Salt Lake City Family History Conference: Family connections help create 'spirit of unity'
Keith Johnson, Deseret News
Family connects us: to each other, to the planet, to the ages. Family tells us who we are, how we belong.
So, of all the things to celebrate in this life, family history ranks very high on the list.
That was the message of a special program held Thursday night in the Conference Center as part of the National Genealogical Society 2010 Family History Conference being held in Salt Lake City.
"A Celebration of Family History," was organized by FamilySearch, a division of The Church of Jesus Christ of Latter-day Saints, and was a multimedia presentation featuring remarks by Henry B. Eyring, First Counselor in the First Presidency of the church; David McCullough, author, historian and two-time Pulitzer Prize winner; music by the Mormon Tabernacle Choir; and a series of video vignettes depicting the importance of family history.
"This is a remarkable community devoted to the knitting together of hearts that cross generations," President Eyring said, as he talked of his personal experiences with the community's "spirit of unity."
He talked of the "miraculous flowering of this work," and how truly prophetic were the words of a circular printed in 1846 by a fledgling society in New England that said "the minds of men are naturally moved to know something of their progenitors."
Eyring said he had a personal witness of how young people are drawn to forge family connections when he read the journal of his grandfather that has been transcribed by his mother. "I changed the way I thought of myself when I read that he thought his life was part of a great historical pattern that reached beyond himself. I thought my life might matter and I should live it as well as I could."
That same sense of history has been important to McCullough throughout his life as he has looked deeply into the lives of others.
"I've never known much about the subjects I've written about when I started. Each book was a journey, a hunt, a detective story. That has been the joy of it, the compulsion of it," he said, noting that everyone can share in that joy.
"Curiosity is a wonderful thing. It is accelerative. The more you know, the more you want to know. It's what separates us from the cabbages."

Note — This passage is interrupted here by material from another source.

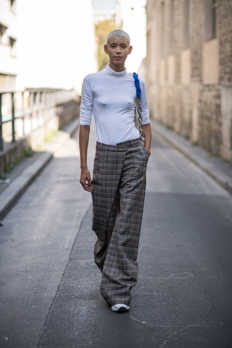 Người mẫu Dilone thay chiếc skinny jeans của mình bằng quần dài ống rộng họa tiết sọc caro sành điệu và năng động hiệu Monse.

McCullough talked of phrases that should be excised from our vocabulary, such as "self-made man" — "we are all shaped by other people," he said; "foreseeable future" — "there's no such thing. People back then had no more idea how things would turn out than we do." And, "living in the past" — no one lived in the past; they lived in their present and to understand them we have to understand their times."
And, he added, "we should never say 'gone, but not forgotten.' If they are not forgotten, they are not gone. They created the society, the values, the experiences we all live by. We must not lose sight of them."
McCullough talked of visiting Normandy with a Jewish couple, who placed pebbles on the grave of a Jewish soldier. "They said it was their way of staying in touch. That's what we all should be doing. History — whether you call it history or local history or family history — transcends time, transcends nationality, transcends geography. It reminds us that we are all part of the human family. We must stay in touch."
The evening's program was skillfully woven together by video stories of searches for connections, including that of a soldier and prisoner of war in Estonia; a woman who died of leprosy in Hawaii, but not before giving birth and sending away six children; a young boy who found a bond with his Scottish ancestors in the music of bagpipes.
Music by the Tabernacle Choir and Orchestra at Temple Square, under the direction of Mack Wilberg, also added to the power and emotion of the evening, through such folk hymns as "Wayfarin' Stranger," "Morning Has Broken," "Amazing Grace," and the choir's signature "Battle Hymn of the Republic."